The Big Easy:  “Aw man, now they killin’ retards.”  Accents are a dangerous thing.  Frankly, my take on it is simple.  If you can’t do it and do it well, then don’t.  I’d rather the guy from Boston, or the guy from Russia sound like he’s from…well, wherever the actor is from than sport a dreadful accent.  This movie is so self-consciously set in New Orleans it bathes in voodoo, breaths gumbo, eats Creole, and shits Mardi Gras beads.  I could have used about 30 less references to it being the ‘Big Easy.’  I like Dennis Quade.  I really do.  But I don’t know.  His weird down-home charm, especially with such a bad Cajun accent is kinda grating.  I think he had Wilfred Brimley’s dialect coach from Hard Target.  And I’ve never thought much of Ellen Birkin, so that doesn’t help.  It has a super 80s vibe, with lots of blue jeans, a fridge stocked with Bud, and a painfully unique apartment for our lead.  At least it didn’t have a freight elevator.  80s cop movies have a comic-book feel, where the world obeys rules that only make sense in the context of 80s cop movies.  Good natured police corruption goes up against the bad kind.  Organized crime doesn’t much like a corrupt cop who still tries to bust the really bad guys.  Evidence tampering, witness intimidation, and what-all.  It’s all in good fun.  I guess if you’re in the mood for this specific brand of thing (akin to Beverly Hills Cop, 48 Hours, Stakeout, or what have you), you could do worse.  Ned Beatty is one of those character actors who pretty much just plays variations on a theme or type, but he always does it well, sells it.  And his performance here is another good variation on the Beatty.

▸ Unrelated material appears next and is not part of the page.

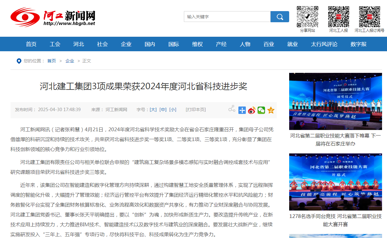 河北建工集團(tuán)3項(xiàng)成果榮獲2024年度河北省科技進(jìn)步獎 4月21日,2024年度河北省科學(xué)技術(shù)獎勵(lì)大會在省會石家莊隆重召開,集團(tuán)母子公司憑借雄厚的科研沉淀和持續(xù)的技術(shù)攻關(guān),共榮獲河北省科技進(jìn)步獎一等獎1項(xiàng)、二等獎1項(xiàng)、三等獎1項(xiàng),充分彰顯了...

Speed Racer:  “He was trying to change this rotten business and they killed him for it.”  It took a lot of flack, and still gets lambasted by many.  But F the haters; Speed Racer is a sweet candy explosion of stylistic panache that manages to fit in some heart & soul between the Technicolor flash.  The cartoon sensibilities, zany characters, and occasionally subversive hints balance well with the genuine relationships between a father and his sons, between siblings, and between competitors and champions.  The Racer family isn’t perfect, but they’re a charming idealized 1950s kind of thing, with love to spare.  With madly over the top villains, the story needs to crank up the operatic intensity, and it does so with aplomb.  Grand theatrics and heart-string plucking.  And man, every time I watch this movie, I like Matthew Fox as Racer X even more.  I’d have loved to see a Racer X spin-off, but obviously, this movie did not set the world on fire.  John Goodman is swell as the worried but love filled father.  Christina Ricci turns in one of her best performances in a long time as the bubbly Trixie.  And even Susan Sarandon, who I normally do not like, is very sweet as Speed’s loving mother.  But in order to properly enjoy this film, you have to check your cynicism at the door; you have to go into it with a child’s heart.  Accept that it’s not a realistic action/drama.  Accept that racing is a metaphor for the search for enlightenment.  Like in classic Kung Fu films, it’s not simply a physical contest but the outward reflection of the interior journey.  It’s a 60s cartoon turned live action.  The filmmakers embraced that, and in order to enjoy it, you need to, too.  My hope is that this will become a Donnie Darko, Buckaroo Banzai, or Rocketeer, which may have failed in their initial run but went on to become beloved cult classics.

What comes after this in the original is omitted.